Third plea in law, alleging errors in fact and in law by the Commission in setting duration of the applicant’s alleged involvement in the infringements.

The applicants put forward that the banks were trading parties in Yen Interest rate Derivatives and therefore had knowledge of each other’s trading positions and interests. As such, according to the applicants, the evidence put forward by the Commission in support of the argument that ICAP had knowledge of the bilateral infringement is inconsequential, vague and misleading. Furthermore, so the applicants claim, the Commission’s approach assumes knowledge and conduct on part of the applicants through to the end of the bilateral infringement of the banks without providing any evidence of the applicant’s ongoing knowledge about the bank’s infringements.

4.

Fourth plea in law, alleging a breach by the Commission of the principle of the presumption of innocence and the principle of good administration.

According to the applicants, the Commission conducted a hybrid settlement procedure, in which the settlement decision adopted in December 2013 implicated ICAP by extensively describing its role as a facilitator. From that point on, the Commission could no longer pretend to have no bias in dealing with ICAP’s case.

5.

Fifth plea in law, alleging an infringement by the Commission of the Fining Guidelines, a breach of the principle of equal treatment, a breach of the principle of proportionality and a breach of the principle of legal certainty.

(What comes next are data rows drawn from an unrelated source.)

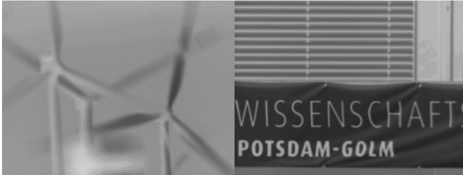
Wind turbines near Golm
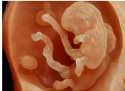
Nice 3D rendering of twins

A combination of detailed first trimester ultrasound and targeted cfDNA analysis streamlines care of twin pregnancies. When used in combination, these screening techniques enable early detection of chromosomal conditions, structural anomalies and pregnancies at risk for twin-to-twin transfusion syndrome with low false positive rates.
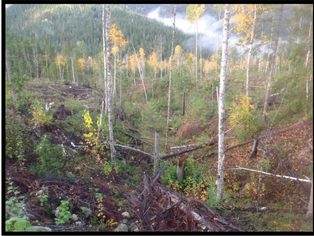
Gullies were well managed.

Auditors found that soil disturbance was minimized and below the limits required by regulation. There were several S6 streams within or adjacent to the cutblocks. The licensee maintained natural drainage patterns, and machine traffic did not disturb the stream banks. The licensee retained wildlife trees in patches and individual stems and met the obligations in the FDP and WLP.
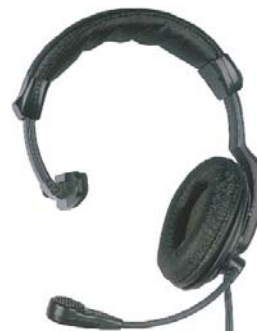
ALGE Headset HS2-1
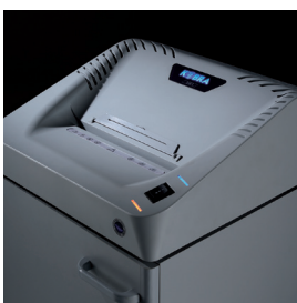
LED INDICATORS Easy to operate ON OFF Reverse switch, with LED signal for bag full or open door
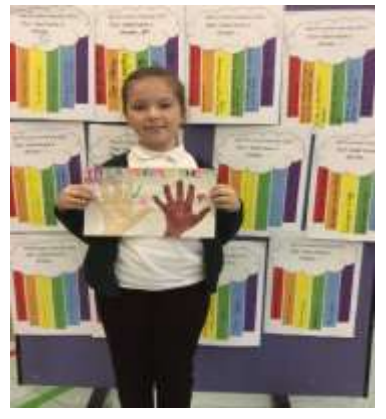
Standens Barn Primary School Flaxwell Court, Northampton. NN3 9EH
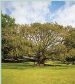
16 Moreton Bay Fig
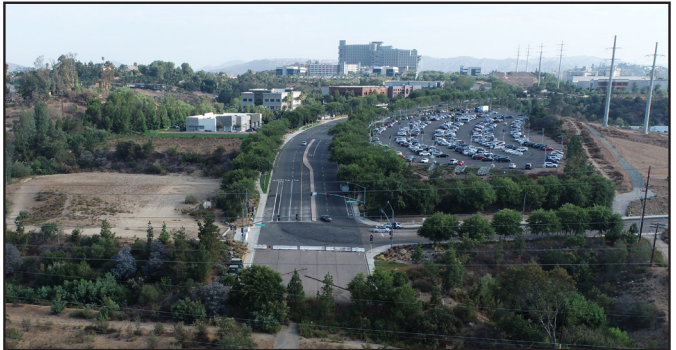
Citracado Parkway, Current Configuration North End at Andreesen Drive

Citracado Parkway, between West Valley Parkway to Andreesen Drive.
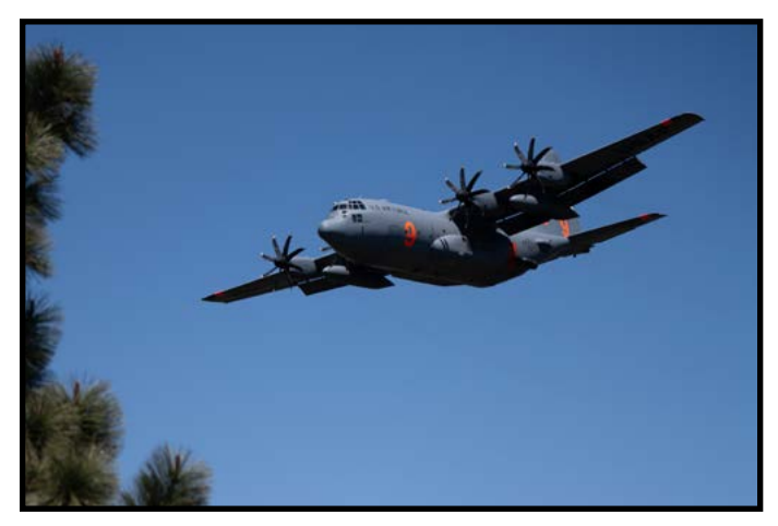
Above and below: a C-130 (MAFFS 9) from Nevada Air National Guard's 152nd Airlift Wing does a dry pass prior to performing a water drop May 8, 2024, during MAFFS Spring Training 2024, hosted by the California Air National Guard's 146th Airlift Wing. This particular part of the training was conducted in the Angeles National Forest near Green Valley, California from May 6-10, 2024.
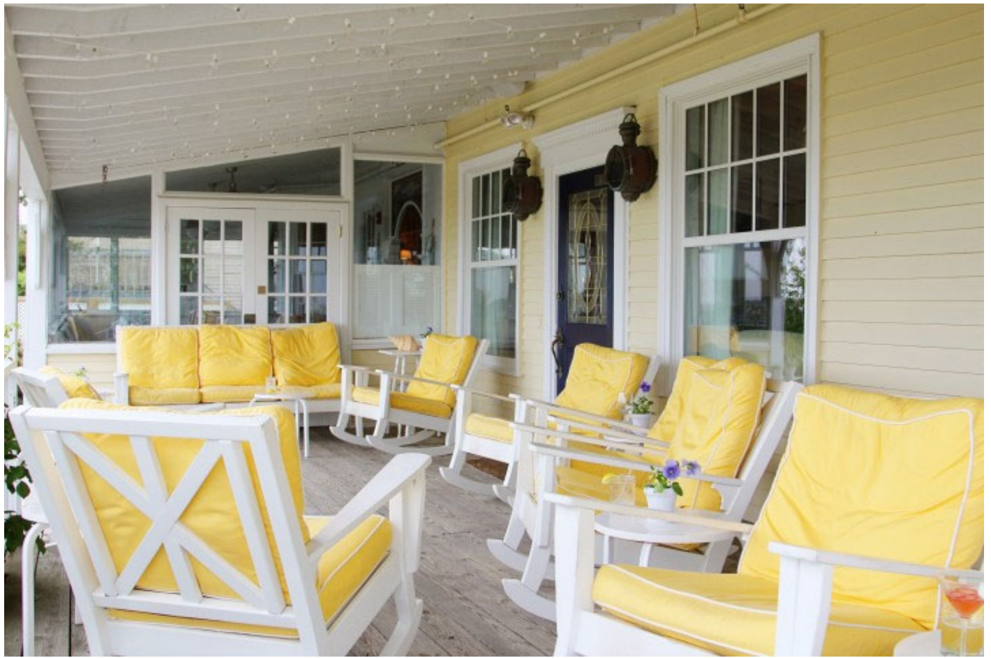
The Tides Beach Club, Kennebunkport, ME | 10 Best Seaside Inns in New England

What may recommend this gorgeous little inn with just 11 rooms overlooking Menemsha Harbor on Martha's Vineyard is that it's likely you can't get cell service here. Let the romance begin, with private patios, cozy hammocks, country-French décor and a stunning destination restaurant.
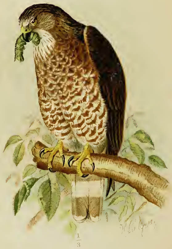
BROAD-WINGED HAWK Buteo latissimus HAWK. HAWK.
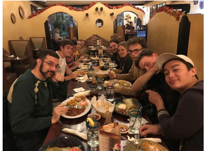
Thanksgiving Dinner Social
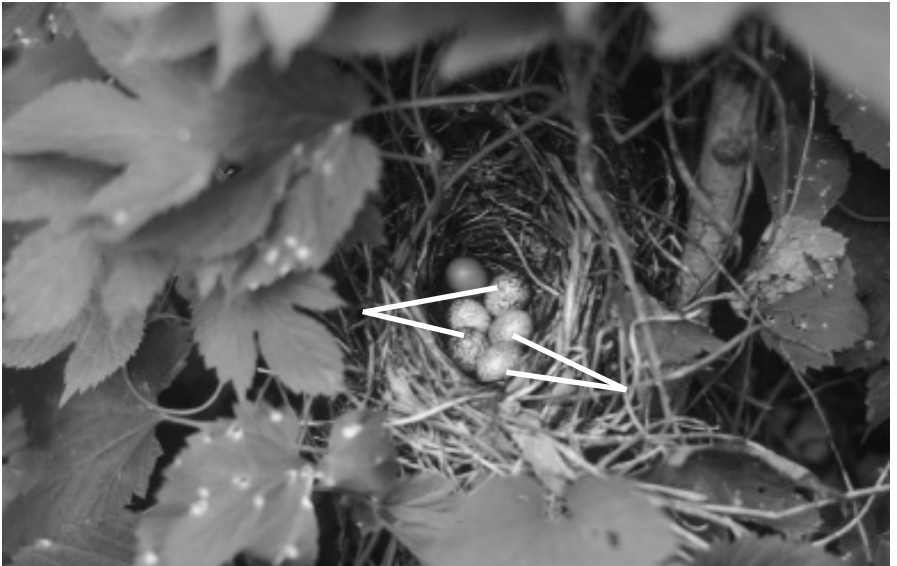
Figure 4 - Veery nest containing five Brown-headed Cowbird eggs plus one Veery egg, forested dune ridge, Delta Marsh, 16 June 1980. Note: immaculate Veery egg is the top-most egg; two sets of connected pointers indicate cowbird eggs that were likely laid by the same females; the fifth cowbird egg (apparently laid by a third female) is immediately beneath the Veery egg.

Multiple egg laying occurs frequently among most of the species of obligate parasitic cowbirds ( Molothrus spp.), but in some cases this would not be considered dump nesting, even if the host’s nest eventually contained only cowbird eggs. To illustrate this point, all Veery ( Catharus fuscescens ) nests parasitized on our study area at Delta Marsh over 16 years (14 of 21 nests, 66.7% parasitized) received more than one cowbird’s egg — one nest had five cowbird eggs plus one Veery egg (Fig. 4), another held seven cowbird eggs and one Veery egg. The first nest was depredated, whereas the second nest produced only cowbirds. More than one cowbird apparently laid eggs in the first nest, as suggested by a comparison of the spot patterns among the five cowbird eggs in the nest (see pointers in Fig. 4): three fairly distinct patterns can be identified, which suggests
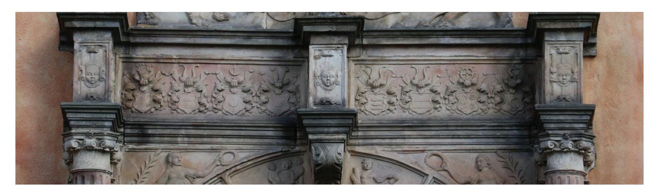
Fig. 4. Fragment of the foregate portal. Entablature with a frieze strip with heraldic decoration II. 4. Fragment portalu przedbramia. Belkowanie z pasem fryzu z dekoracją heraldyczną

Schmider, Matz Kunz, and Jacob Kleindienst from Świdnica ^{26} . The above names do not appear in other documents or contemporary historical studies on craftsmanship in Lower Silesia ^{27} .
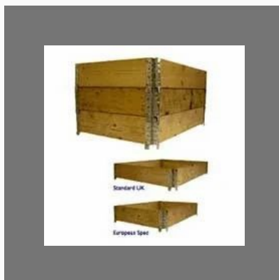
Wooden Pallet Collars
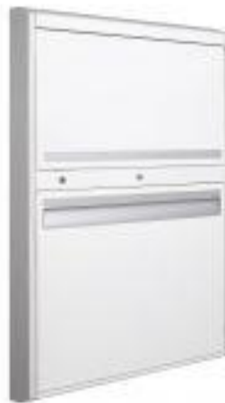
WALLAroo 6670 Series with Keypad Lock and Key Lock

The WALLAroo® 6670 Series takes up the same wall space as the WALLAroo® 6600 Series but with half the depth. The 10cm depth of the 6670 Series makes it great for storing electronic equipment inside patient rooms or just outside of patient rooms in the corridor.
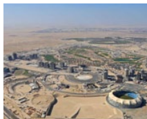
Dubai Sports Complex (AE)
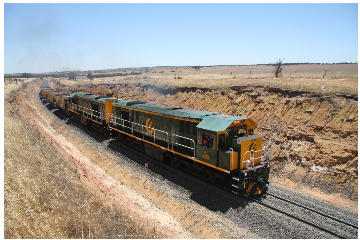
ZB2120 & ZB2125 on ballast train at Moojebing on December 12th.
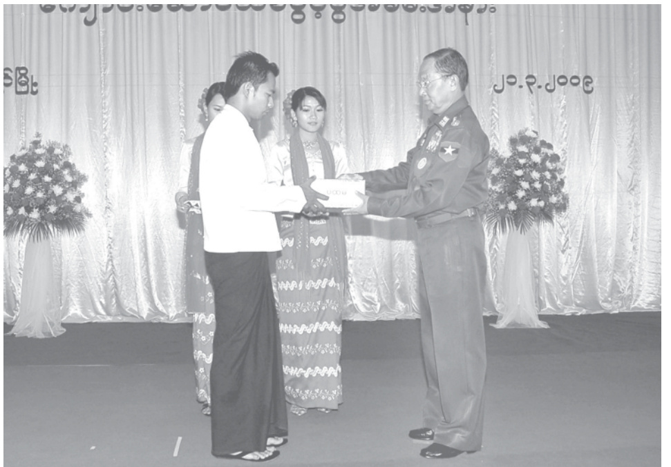
Chairman of Myanmar Education Committee Secretary-1 of the SPDC Lt-Gen Thiha Thura Tin Aung Myint Oo presents prize to first prize winner in Essay Contest.

Mon State is well-known for its fertile land and water resources. Some 900,000 acres have been put under monsoon paddy and over 130,000 acres under summer paddy.
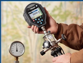
Gauges & Calibration References

Ralston Instruments provides complete pressure calibration solutions for a wide range of applications, saving time and taking the guesswork out of critical pressure testing, maintenance and repair operations.
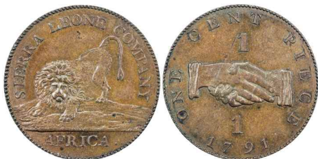
1320. SIERRA LEONE: George III, 1787-1820, AE cent, Soho Mint, Birmingham, 1791, KM-1, Vice-9, Sierra Leone Company issue, lion facing // handshake, choice AU $300 - 400
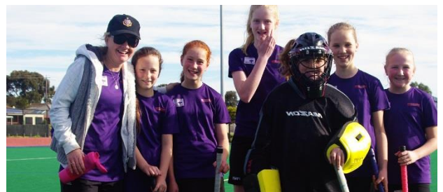
Previous ACG Recipient: Bellarine Hockey Club

We are available 9.00am-5.00pm Monday to Friday and aim to respond to all enquiries within 2 business days.
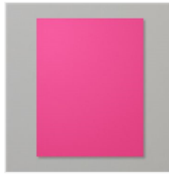
Melon Mambo 8- 1/2" X 11" Cardstock - 115320

The applicants put forward that the Commission breached the principle of legal certainty by imposing fines that go beyond mere nominal fines. This allegedly also constitutes a departure from its decisional practice. In addition, so the applicants claim, the Commission breached its Fining Guidelines by declining to use the value of the applicant’s sales as a basis for the fine, by failing to adequately specify its method in calculating the fine and by failing to justify these departures from its previous decisional practice. In addition, it’s the applicants’ opinion that the Commission breached the principle of equal treatment by treating the applicants differently from another broker accused of facilitation in similar circumstances and within the same infringement as well as by ultimately treating the applicants like the banks who perpetrated the infringement despite the applicants being accused only of facilitation. The applicants claim that as a result of this, the fines imposed are wholly disproportionate and the Commission has thus breached the principle of proportionality.

6.

Sixth plea in law, alleging a breach by the Commission of the principle of ‘ne bis in idem’.